What you should do => From the entries below, reproduce exactly the lines from the one with "I started the" through the one with "Bromelain, CAS-Nummer: 9001-00-7, weißes", both included, without images.

Provided material =>
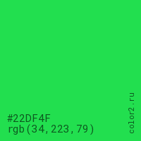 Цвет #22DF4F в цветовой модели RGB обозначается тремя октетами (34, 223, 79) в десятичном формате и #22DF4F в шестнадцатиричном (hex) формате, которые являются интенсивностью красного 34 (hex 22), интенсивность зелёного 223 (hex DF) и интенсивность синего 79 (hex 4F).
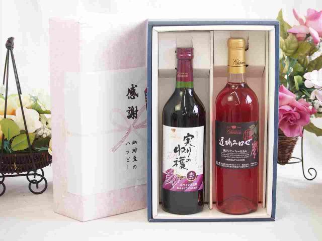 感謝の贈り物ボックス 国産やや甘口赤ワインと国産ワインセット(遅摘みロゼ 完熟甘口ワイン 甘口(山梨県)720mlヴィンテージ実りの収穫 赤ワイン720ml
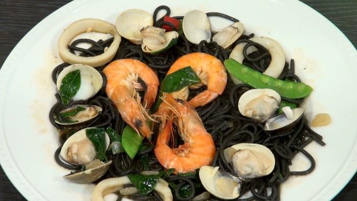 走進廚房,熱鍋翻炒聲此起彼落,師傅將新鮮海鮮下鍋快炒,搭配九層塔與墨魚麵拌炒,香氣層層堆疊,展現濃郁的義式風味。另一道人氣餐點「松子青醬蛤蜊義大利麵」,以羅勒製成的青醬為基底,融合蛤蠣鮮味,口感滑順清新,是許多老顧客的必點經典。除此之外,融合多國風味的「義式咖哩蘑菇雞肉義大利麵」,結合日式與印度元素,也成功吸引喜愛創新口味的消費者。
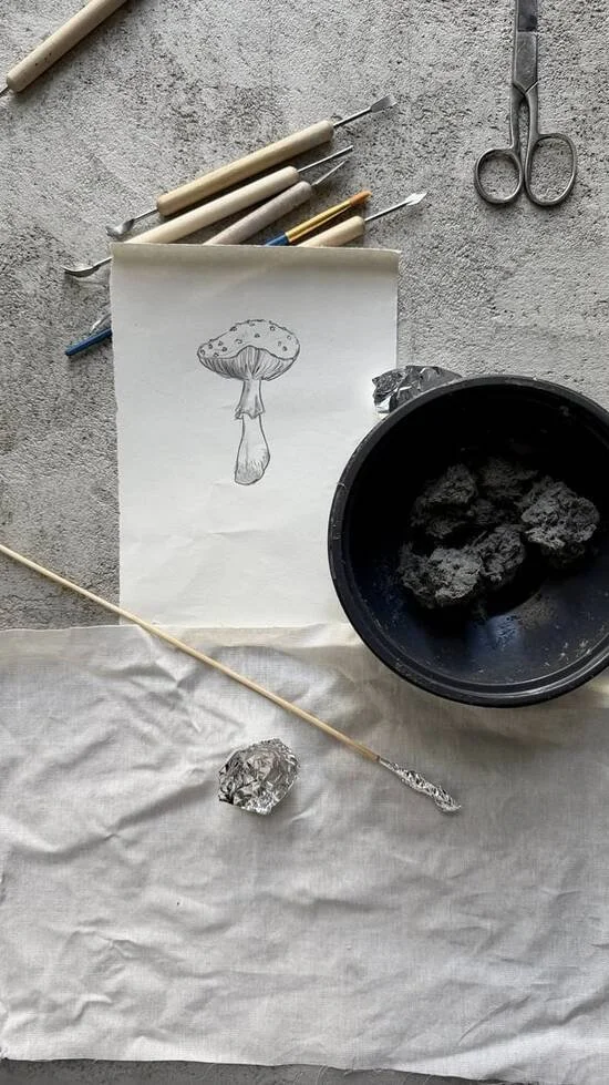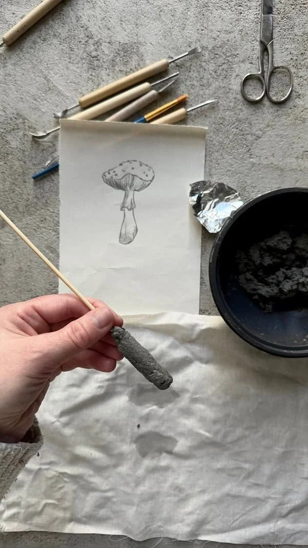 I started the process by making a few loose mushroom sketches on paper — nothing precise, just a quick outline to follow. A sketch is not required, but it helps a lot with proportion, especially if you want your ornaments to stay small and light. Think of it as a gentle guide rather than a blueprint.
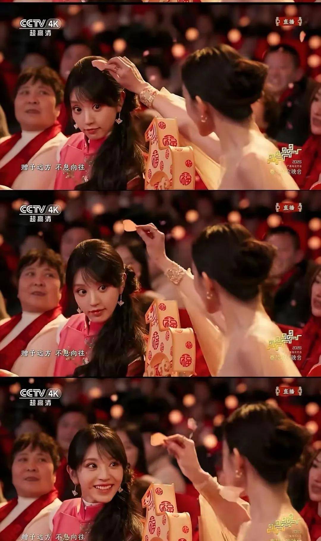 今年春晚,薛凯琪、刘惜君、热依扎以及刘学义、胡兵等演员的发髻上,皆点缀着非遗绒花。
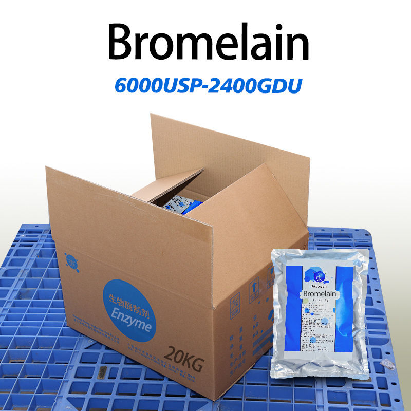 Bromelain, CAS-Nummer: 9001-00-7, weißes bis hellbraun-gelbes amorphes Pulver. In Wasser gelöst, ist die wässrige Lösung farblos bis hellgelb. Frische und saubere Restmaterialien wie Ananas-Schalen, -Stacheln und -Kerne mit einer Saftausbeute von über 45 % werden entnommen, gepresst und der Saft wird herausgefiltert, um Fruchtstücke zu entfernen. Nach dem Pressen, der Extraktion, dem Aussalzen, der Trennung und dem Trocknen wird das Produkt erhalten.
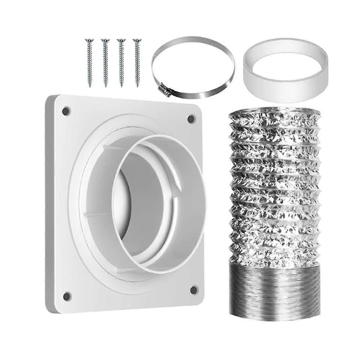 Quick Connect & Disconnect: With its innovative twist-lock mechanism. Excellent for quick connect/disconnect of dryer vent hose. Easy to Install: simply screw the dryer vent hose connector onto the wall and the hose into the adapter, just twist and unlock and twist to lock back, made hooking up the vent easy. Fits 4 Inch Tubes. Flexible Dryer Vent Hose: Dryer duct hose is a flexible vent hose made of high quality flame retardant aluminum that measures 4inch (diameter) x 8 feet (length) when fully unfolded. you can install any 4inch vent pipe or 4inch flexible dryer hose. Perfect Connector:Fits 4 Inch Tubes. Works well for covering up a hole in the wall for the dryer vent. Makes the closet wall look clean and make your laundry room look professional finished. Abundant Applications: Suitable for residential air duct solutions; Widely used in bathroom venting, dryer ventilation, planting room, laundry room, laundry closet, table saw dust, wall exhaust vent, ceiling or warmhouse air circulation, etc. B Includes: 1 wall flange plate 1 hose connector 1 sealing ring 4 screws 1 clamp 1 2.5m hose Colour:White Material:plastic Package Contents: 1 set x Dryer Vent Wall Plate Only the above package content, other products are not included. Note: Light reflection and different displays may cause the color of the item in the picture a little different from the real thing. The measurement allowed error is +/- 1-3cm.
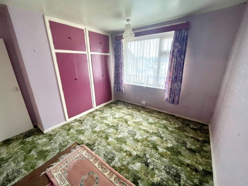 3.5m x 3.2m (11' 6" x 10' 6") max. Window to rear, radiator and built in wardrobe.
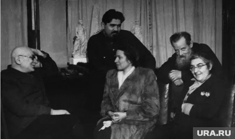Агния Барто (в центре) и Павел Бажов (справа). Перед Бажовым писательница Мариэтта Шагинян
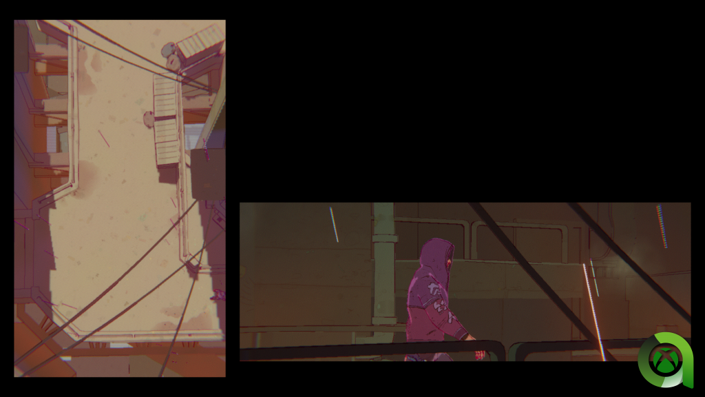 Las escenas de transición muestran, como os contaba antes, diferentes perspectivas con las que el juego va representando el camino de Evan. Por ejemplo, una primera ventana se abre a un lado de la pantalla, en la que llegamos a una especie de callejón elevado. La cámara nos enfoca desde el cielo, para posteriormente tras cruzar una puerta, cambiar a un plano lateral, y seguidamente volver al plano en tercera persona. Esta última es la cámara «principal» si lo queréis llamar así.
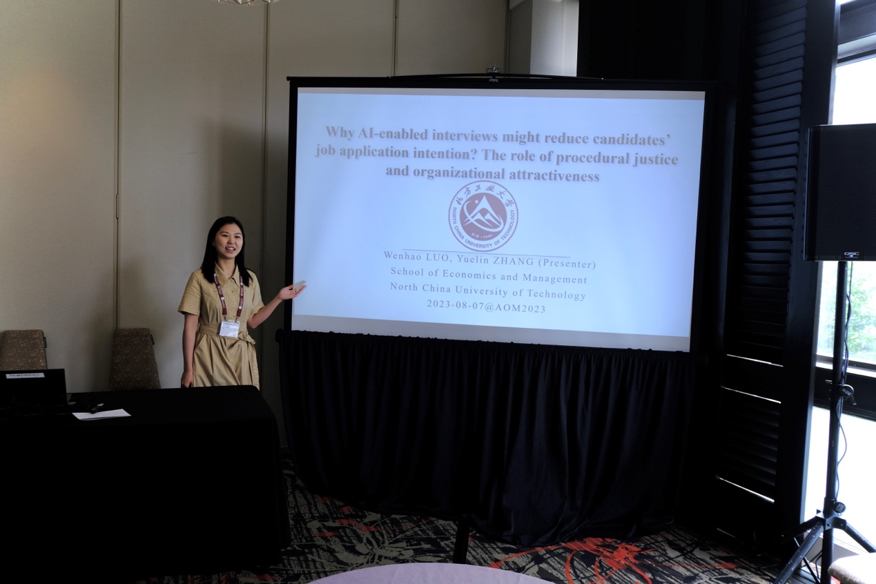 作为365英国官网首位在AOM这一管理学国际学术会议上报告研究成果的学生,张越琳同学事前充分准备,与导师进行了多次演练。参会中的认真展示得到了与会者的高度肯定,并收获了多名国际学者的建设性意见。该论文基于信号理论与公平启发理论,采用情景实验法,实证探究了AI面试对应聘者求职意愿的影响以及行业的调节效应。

Solution for this task =>
 I started the process by making a few loose mushroom sketches on paper — nothing precise, just a quick outline to follow. A sketch is not required, but it helps a lot with proportion, especially if you want your ornaments to stay small and light. Think of it as a gentle guide rather than a blueprint.
 今年春晚,薛凯琪、刘惜君、热依扎以及刘学义、胡兵等演员的发髻上,皆点缀着非遗绒花。
 Bromelain, CAS-Nummer: 9001-00-7, weißes bis hellbraun-gelbes amorphes Pulver. In Wasser gelöst, ist die wässrige Lösung farblos bis hellgelb. Frische und saubere Restmaterialien wie Ananas-Schalen, -Stacheln und -Kerne mit einer Saftausbeute von über 45 % werden entnommen, gepresst und der Saft wird herausgefiltert, um Fruchtstücke zu entfernen. Nach dem Pressen, der Extraktion, dem Aussalzen, der Trennung und dem Trocknen wird das Produkt erhalten.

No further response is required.